Epigenetic modifications, particularly DNA methylation and covalent histone modifications, play an important role in regulating chromatin dynamics and therefore have a significant impact on gene expression. Our lab is interested in how epigenetic-mediated dynamic changes in chromatin structure affect gene expression, cell lineage commitment, stem cell pluripotency and self-renewal, and cancer development. Our long-term goal is to apply this basic research to studies of human diseases.
Studies in our lab focus on four different areas. The first is the relationship between ATP-dependent nucleosome remodeling and histone deacetylation. This area of study focuses on the nucleosome-remodeling and deacetylase complex NuRD, which we have demonstrated also plays an important role in methylated DNA silencing. We combine biochemical and mouse genetic approaches to understand the biological function of the NuRD complex and how it performs this function. Our recent studies have linked NuRD's function to erythropoiesis and the autoimmune disease lupus.
In our second area of study, we are identifying and characterizing novel enzymes capable of covalently modifying histones, including histone methyltransferases, demethylases, and histone ubiquitin E3 ligases. Of the histone methyltransferases that we have identified, we focus on EZH2 and hDOT1 because of their functions in stem cell and cancer biology. For example, the EZH2 complex silences important differentiation genes in ES cells and is linked to different types of solid cancers, and hDOT1 is linked to leukemia. We used a novel biochemical assay and have identified a large family of histone demethylases—the JmjC-domain–containing proteins. Using a loss-of-function approach, we have demonstrated that certain demethylases are important for spermatogenesis and cellular metabolism.

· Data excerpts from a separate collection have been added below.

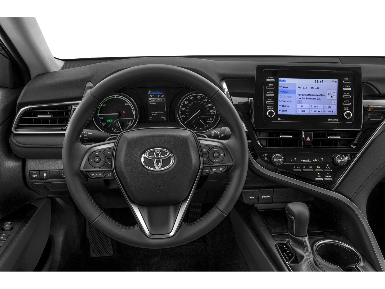 ** Bluetooth® **, ** BACKUP CAMERA **, ** LEATHER SEATS **, ** ADAPTIVE CRUISE CONTROL **, ** LANE DEPARTURE WARNING **, ** AUTOMATIC TRANSMISSION **, ** PARKING SENSORS **, ** BLIND SPOT MONITOR **, ** POWER SEATS **, ** KEYLESS ENTRY **, ** HI-FI SOUND SYSTEM**, ** APPLE CAR PLAY **, ** ACCIDENT FREE ON CARFAX **, ** LOCAL TRADE **, Cooper Certified, Camry Hybrid SE, 4D Sedan, 2.5L I4 DOHC 16V, eCVT, FWD, Midnight Black Metallic, Ash w/Fabric Seat Trim w/Sport SofTex, Alloy wheels, Wheels: 8.0J x 18 Machined Finish Alloy. THIS VEHICLE COMES EQUIPPED WITH THE FOLLOWING OPTIONS AND FEATURES: Camry Hybrid SE, 4D Sedan, 2.5L I4 DOHC 16V, eCVT, FWD, Midnight Black Metallic, Ash w/Fabric Seat Trim w/Sport SofTex, Alloy wheels, Wheels: 8.0J x 18 Machined Finish Alloy, 4-Wheel Disc Brakes, 6 Speakers, ABS brakes, Air Conditioning, AM/FM radio: SiriusXM, Apple CarPlay/Android Auto, Auto High-beam Headlights, Automatic temperature control, Brake assist, Bumpers: body-color, Delay-off headlights, Driver door bin, Driver vanity mirror, Dual front impact airbags, Dual front side impact airbags, Electronic Stability Control, Emergency communication system: Safety Connect with 1-year trial, Exterior Parking Camera Rear, Fabric Seat Trim w/Sport SofTex, Four wheel independent suspension, Front anti-roll bar, Front Bucket Seats, Front Center Armrest, Front dual zone A/C, Front reading lights, Fully automatic headlights, Heated door mirrors, Illuminated entry, Knee airbag, Low tire pressure warning, Occupant sensing airbag, Outside temperature display, Overhead airbag, Overhead console, Panic alarm, Passenger door bin, Passenger vanity mirror, Power door mirrors, Power driver seat, Power steering, Power windows, Radio data system, Radio: AM/FM Audio System, Rear anti-roll bar, Rear reading lights, Rear seat center armrest, Rear side impact airbag, Rear window defroster, Remote keyless entry, Security system, Speed control, Speed-sensing steering, Split folding rear seat, Spoiler, Steering wheel mounted audio controls, Telescoping steering wheel, Tilt steering wheel, Traction control, Trip computer, Turn signal indicator mirrors, and Variably intermittent wipers.
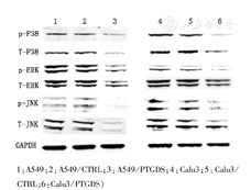 转染质粒后,得到稳定生长的A549和Calu-3细胞(图5)。在过表达PTGDS以后,A549和Calu-3细胞的侵袭能力显著下降(图6)。蛋白质印迹实验显示,随着PTGDS蛋白表达的升高,MAPK信号通路相关蛋白,诸如p-P38、T-P38、p-ERK、T-ERK、p-JNK以及T-JNK的蛋白表达显著下降(图7)。
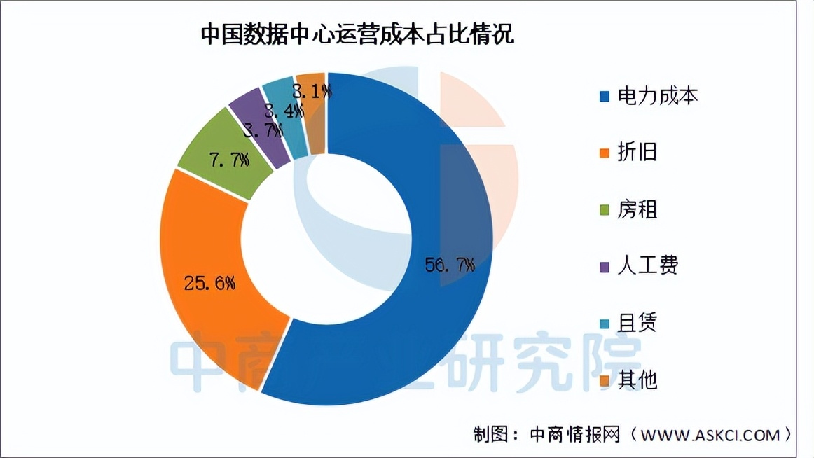 我国数据中心运营成本中,电力成本、折旧和房租占据前三位,占比依次为56.7%、25.6%和7.7%;人工费和设备租赁占比分别为3.7%、3.4%。

Our third area of focus involves the role of various epigenetic modifications in cell lineage commitment, maintenance, and stem cell biology. We are evaluating the effect of various epigenetic factors in induced pluripotent stem (iPS) cell generation and the therapeutic potential of iPS cells. Our goal is to develop an epigenetic-based therapy for human diseases.
Our fourth area of research involves identification and characterization of small chemical compounds that can modulate the enzymatic activities of the histone methyltransferases EZH2 and hDOT1. By performing high-throughput screening of chemical libraries, followed by in vitro and in vivo verification, we hope to identify compounds that inhibit the EZH2 and hDOT1 enzymatic activities. Our goal is to use this information to develop drugs for the treatment of cancer.